• EXTRACTED MATERIAL:
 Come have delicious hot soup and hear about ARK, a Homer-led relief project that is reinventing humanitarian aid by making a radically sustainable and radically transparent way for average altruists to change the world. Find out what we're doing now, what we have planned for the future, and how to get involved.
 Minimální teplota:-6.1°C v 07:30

* * *

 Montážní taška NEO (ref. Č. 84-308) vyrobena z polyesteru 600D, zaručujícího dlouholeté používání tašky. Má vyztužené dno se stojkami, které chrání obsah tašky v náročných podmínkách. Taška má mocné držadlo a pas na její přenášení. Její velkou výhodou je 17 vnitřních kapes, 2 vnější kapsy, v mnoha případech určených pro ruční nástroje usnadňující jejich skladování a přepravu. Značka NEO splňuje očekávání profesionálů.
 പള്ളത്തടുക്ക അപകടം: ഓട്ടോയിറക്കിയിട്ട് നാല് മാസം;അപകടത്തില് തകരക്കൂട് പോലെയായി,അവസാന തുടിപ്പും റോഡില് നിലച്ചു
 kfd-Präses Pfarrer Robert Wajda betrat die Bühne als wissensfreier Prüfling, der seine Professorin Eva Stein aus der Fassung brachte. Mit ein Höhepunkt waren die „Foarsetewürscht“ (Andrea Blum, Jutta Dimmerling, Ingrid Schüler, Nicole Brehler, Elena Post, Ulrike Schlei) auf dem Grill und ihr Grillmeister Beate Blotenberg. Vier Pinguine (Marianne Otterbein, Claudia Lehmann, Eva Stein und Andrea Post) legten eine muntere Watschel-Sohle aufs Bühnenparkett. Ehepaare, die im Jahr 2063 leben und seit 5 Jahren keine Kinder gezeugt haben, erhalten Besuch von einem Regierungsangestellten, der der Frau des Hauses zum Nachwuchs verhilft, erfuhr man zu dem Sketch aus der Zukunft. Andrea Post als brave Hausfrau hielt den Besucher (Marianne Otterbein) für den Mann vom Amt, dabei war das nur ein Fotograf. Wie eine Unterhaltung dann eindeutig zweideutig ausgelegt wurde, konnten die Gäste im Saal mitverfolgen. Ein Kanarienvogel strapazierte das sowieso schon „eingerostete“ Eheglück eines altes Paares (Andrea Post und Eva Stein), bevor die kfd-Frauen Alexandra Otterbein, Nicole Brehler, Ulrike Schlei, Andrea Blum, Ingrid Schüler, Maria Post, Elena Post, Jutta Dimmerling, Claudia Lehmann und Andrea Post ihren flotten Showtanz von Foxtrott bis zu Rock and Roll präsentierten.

• REQUIREMENT:
Set down only the lines above that fall between the line holding "Montážní taška NEO" and the line holding "പള്ളത്തടുക്ക അപകടം: ഓട്ടോയിറക്കിയിട്ട്", inclusive, keeping each exact.

• WRITTEN RESPONSE:
 Montážní taška NEO (ref. Č. 84-308) vyrobena z polyesteru 600D, zaručujícího dlouholeté používání tašky. Má vyztužené dno se stojkami, které chrání obsah tašky v náročných podmínkách. Taška má mocné držadlo a pas na její přenášení. Její velkou výhodou je 17 vnitřních kapes, 2 vnější kapsy, v mnoha případech určených pro ruční nástroje usnadňující jejich skladování a přepravu. Značka NEO splňuje očekávání profesionálů.
 പള്ളത്തടുക്ക അപകടം: ഓട്ടോയിറക്കിയിട്ട് നാല് മാസം;അപകടത്തില് തകരക്കൂട് പോലെയായി,അവസാന തുടിപ്പും റോഡില് നിലച്ചു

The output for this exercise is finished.